STORED DATA
+++++

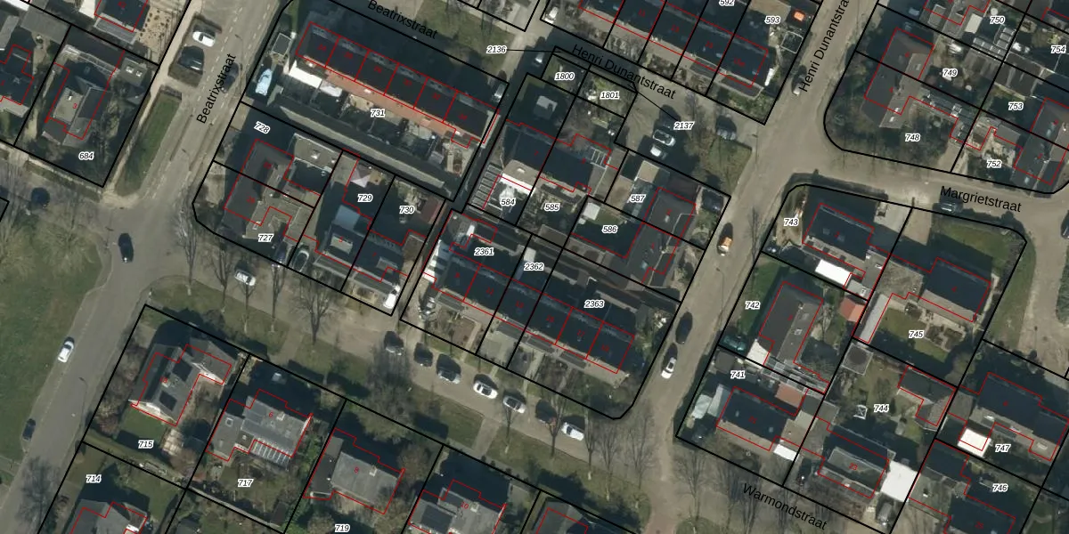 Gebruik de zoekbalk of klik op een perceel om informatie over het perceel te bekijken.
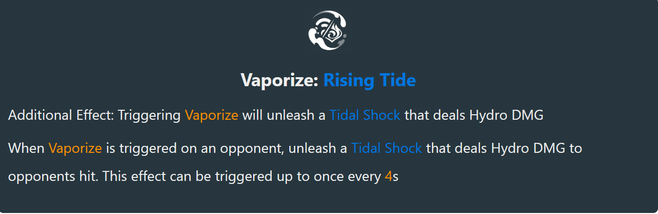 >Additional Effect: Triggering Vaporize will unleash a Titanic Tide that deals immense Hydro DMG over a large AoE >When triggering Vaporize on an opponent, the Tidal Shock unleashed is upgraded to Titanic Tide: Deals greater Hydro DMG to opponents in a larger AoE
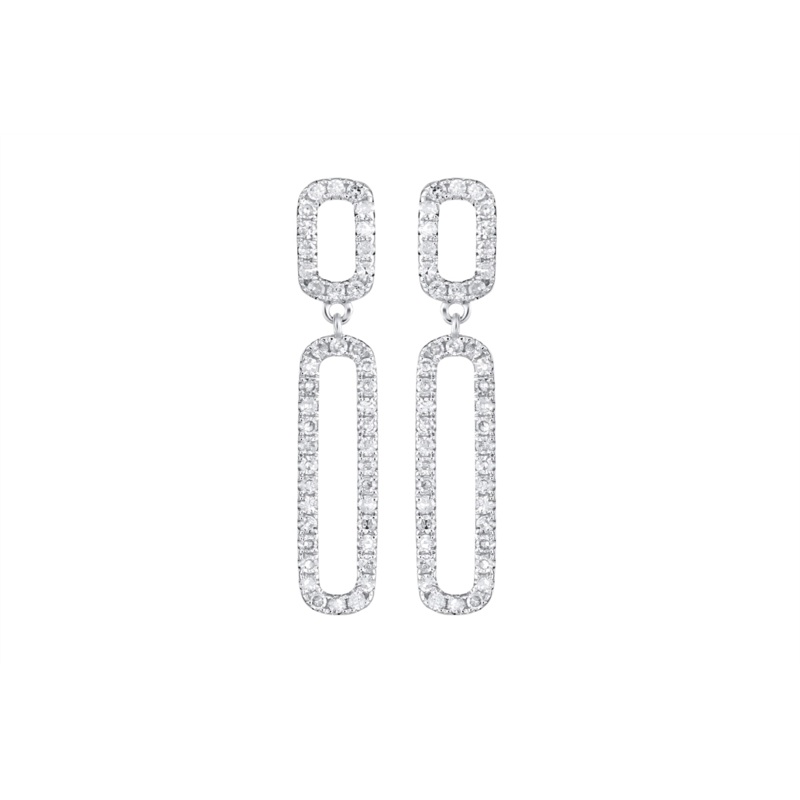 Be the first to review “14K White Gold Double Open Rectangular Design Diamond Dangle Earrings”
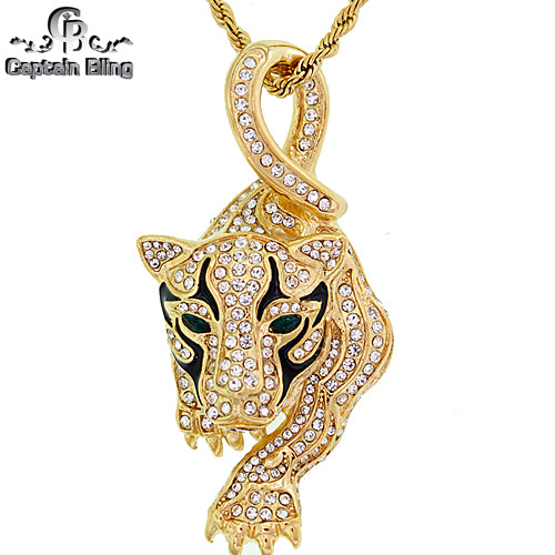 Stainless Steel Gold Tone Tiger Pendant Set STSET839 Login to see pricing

+++++

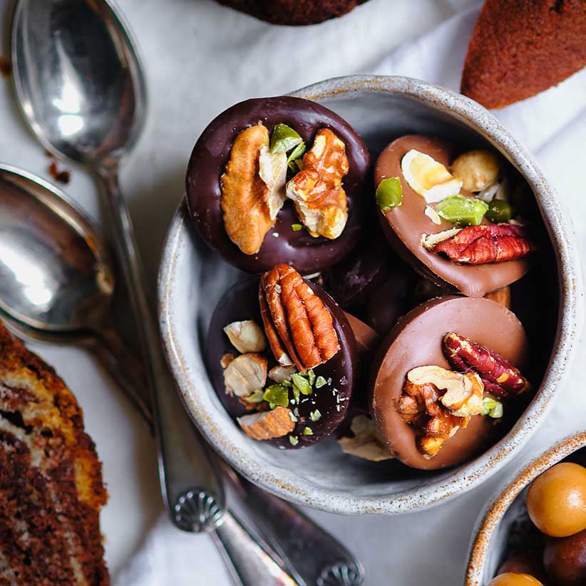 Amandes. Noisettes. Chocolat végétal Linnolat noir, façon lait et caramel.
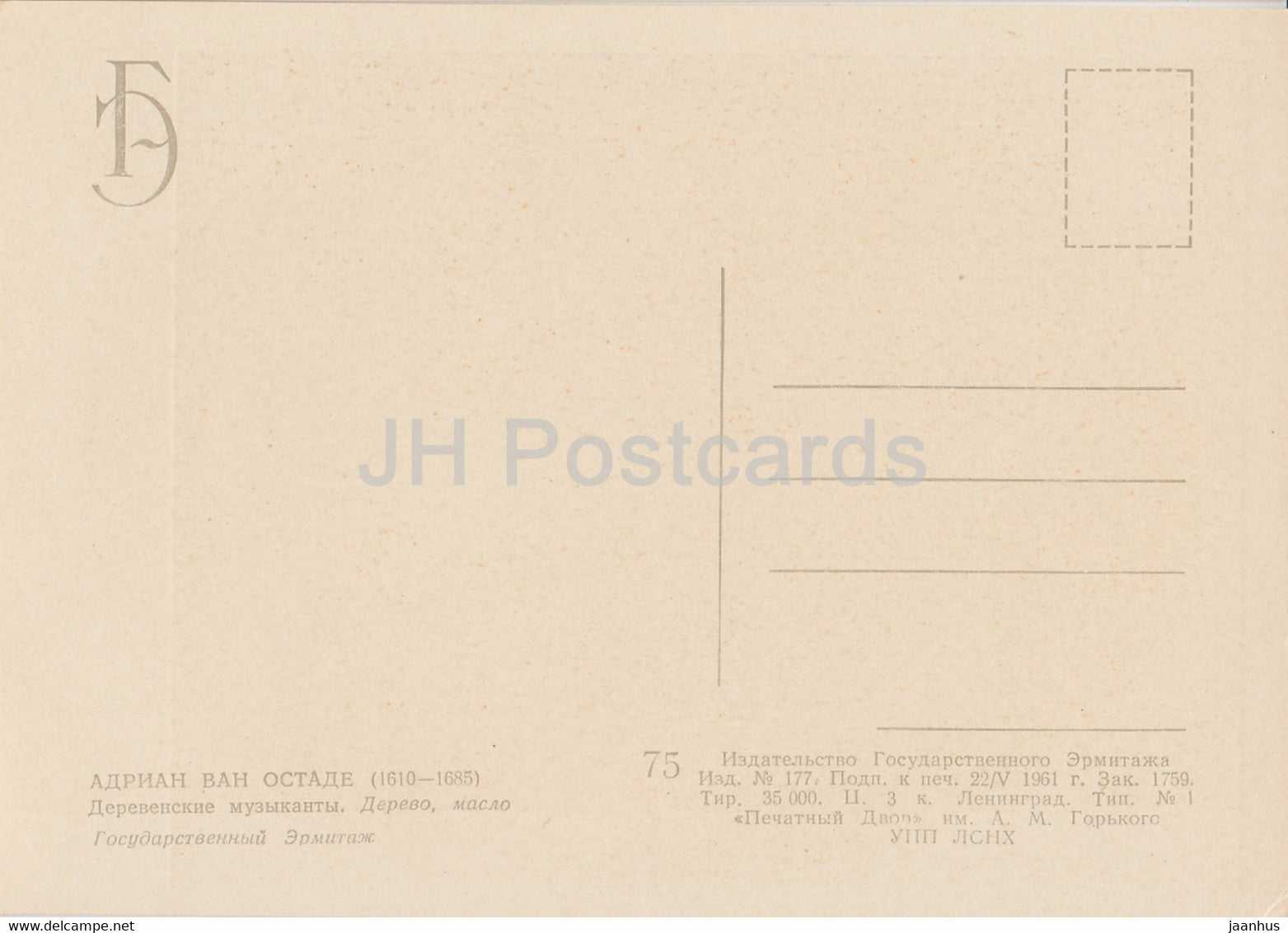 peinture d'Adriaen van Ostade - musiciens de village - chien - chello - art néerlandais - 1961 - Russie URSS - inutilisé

+++++

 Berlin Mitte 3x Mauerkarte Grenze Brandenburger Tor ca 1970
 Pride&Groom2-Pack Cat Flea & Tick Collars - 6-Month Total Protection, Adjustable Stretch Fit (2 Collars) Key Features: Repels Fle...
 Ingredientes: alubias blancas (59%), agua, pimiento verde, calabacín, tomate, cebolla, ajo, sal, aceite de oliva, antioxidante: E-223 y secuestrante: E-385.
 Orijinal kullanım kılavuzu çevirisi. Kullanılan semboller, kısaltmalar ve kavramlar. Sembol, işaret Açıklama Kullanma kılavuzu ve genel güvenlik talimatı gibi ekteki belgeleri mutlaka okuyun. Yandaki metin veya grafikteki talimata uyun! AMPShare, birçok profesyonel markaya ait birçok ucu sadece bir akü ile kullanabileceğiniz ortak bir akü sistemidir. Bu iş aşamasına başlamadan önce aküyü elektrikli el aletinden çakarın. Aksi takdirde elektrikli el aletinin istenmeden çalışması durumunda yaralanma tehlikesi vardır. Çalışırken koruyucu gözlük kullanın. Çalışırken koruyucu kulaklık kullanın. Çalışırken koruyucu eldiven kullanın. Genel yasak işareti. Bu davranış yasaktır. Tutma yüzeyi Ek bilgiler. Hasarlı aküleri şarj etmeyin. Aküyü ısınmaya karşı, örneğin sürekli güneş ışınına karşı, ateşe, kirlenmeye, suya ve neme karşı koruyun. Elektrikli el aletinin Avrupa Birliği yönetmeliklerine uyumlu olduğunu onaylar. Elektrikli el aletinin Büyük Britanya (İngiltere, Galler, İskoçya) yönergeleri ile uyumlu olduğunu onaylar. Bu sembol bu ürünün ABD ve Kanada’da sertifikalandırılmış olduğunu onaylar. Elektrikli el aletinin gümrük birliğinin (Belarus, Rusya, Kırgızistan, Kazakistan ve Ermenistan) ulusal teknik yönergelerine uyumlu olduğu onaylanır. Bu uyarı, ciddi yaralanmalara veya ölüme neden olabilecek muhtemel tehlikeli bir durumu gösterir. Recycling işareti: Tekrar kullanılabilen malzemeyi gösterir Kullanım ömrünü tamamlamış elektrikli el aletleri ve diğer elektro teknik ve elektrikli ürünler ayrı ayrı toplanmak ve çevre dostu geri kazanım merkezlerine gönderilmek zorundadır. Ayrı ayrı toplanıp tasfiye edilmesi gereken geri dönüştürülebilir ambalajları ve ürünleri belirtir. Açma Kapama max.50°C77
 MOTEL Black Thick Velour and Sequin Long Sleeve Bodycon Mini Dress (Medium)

+++++

TASK PROMPT
Copy out exactly the material that runs from the line with "Be the first" to the line with "Stainless Steel Gold", ends included, and leave the pictures behind.

RESULT OF THE EXERCISE
 Be the first to review “14K White Gold Double Open Rectangular Design Diamond Dangle Earrings”
 Stainless Steel Gold Tone Tiger Pendant Set STSET839 Login to see pricing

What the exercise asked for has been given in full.